+++ Data for review +++
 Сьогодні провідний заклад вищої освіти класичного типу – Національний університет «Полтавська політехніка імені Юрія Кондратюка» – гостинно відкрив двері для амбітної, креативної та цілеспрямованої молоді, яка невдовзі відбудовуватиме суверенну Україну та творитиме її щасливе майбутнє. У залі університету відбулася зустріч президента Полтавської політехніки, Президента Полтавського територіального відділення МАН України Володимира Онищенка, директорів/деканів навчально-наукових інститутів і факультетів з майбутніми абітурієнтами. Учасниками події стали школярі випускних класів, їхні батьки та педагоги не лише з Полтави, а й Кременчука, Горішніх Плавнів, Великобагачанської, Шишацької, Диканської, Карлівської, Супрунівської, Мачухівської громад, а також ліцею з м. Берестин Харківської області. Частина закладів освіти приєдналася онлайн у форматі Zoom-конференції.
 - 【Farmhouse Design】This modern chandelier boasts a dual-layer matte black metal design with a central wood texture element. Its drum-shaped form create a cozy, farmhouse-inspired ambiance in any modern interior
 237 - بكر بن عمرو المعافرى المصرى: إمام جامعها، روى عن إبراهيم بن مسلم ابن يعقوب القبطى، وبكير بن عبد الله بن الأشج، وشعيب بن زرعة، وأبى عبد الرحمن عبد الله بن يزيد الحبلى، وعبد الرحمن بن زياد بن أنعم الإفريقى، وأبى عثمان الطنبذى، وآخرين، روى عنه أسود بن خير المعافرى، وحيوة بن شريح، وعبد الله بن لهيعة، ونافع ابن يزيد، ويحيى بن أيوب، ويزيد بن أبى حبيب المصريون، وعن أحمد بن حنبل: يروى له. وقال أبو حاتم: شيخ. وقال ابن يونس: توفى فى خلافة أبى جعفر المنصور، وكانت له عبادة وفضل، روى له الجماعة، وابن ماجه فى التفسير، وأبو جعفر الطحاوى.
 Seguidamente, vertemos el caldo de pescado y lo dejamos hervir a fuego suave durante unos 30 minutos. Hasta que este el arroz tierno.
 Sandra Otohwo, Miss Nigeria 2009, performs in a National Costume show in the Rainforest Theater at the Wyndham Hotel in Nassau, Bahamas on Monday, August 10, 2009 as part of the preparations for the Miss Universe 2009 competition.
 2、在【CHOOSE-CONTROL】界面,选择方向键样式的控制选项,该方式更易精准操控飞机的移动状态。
+++
+++ Data for review +++
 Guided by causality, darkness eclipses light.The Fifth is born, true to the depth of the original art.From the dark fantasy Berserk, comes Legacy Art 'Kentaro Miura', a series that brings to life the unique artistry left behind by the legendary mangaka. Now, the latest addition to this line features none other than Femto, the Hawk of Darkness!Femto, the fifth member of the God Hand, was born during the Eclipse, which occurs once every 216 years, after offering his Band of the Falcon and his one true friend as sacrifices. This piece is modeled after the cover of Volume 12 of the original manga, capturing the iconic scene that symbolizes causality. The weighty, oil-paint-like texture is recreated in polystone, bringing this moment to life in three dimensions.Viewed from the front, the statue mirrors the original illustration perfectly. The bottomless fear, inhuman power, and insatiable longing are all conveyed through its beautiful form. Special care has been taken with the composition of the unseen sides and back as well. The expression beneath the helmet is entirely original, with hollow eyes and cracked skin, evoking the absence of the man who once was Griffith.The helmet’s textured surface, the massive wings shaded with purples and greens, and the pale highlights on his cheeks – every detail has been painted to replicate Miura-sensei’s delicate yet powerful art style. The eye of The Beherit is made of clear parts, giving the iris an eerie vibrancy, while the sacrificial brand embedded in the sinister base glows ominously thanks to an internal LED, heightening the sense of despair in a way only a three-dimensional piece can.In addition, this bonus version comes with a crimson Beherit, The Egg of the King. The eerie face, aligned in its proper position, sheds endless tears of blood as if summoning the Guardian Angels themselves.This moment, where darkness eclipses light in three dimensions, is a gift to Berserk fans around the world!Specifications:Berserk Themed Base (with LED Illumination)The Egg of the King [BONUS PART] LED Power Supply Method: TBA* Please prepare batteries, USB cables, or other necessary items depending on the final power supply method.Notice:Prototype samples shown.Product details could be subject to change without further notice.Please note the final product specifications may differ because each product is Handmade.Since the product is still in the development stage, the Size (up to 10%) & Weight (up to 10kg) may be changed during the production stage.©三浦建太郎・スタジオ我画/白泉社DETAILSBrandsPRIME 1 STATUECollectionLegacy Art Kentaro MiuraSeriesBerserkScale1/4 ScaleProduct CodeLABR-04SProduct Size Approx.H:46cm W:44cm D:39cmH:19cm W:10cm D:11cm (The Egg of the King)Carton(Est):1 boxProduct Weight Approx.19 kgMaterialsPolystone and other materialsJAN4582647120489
+++
+++ Data for review +++
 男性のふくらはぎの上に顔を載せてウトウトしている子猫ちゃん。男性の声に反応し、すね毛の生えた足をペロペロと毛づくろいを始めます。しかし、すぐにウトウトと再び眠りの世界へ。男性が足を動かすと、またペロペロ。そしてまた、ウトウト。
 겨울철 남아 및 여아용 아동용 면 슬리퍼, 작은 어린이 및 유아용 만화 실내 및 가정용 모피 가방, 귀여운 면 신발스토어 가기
+++
About this task –
Within the listing above, give again exactly every line from the line with "男性のふくらはぎの上に顔を載" through the line with "겨울철 남아 및 여아용", both included, and no other line.

Your response –
 男性のふくらはぎの上に顔を載せてウトウトしている子猫ちゃん。男性の声に反応し、すね毛の生えた足をペロペロと毛づくろいを始めます。しかし、すぐにウトウトと再び眠りの世界へ。男性が足を動かすと、またペロペロ。そしてまた、ウトウト。
 겨울철 남아 및 여아용 아동용 면 슬리퍼, 작은 어린이 및 유아용 만화 실내 및 가정용 모피 가방, 귀여운 면 신발스토어 가기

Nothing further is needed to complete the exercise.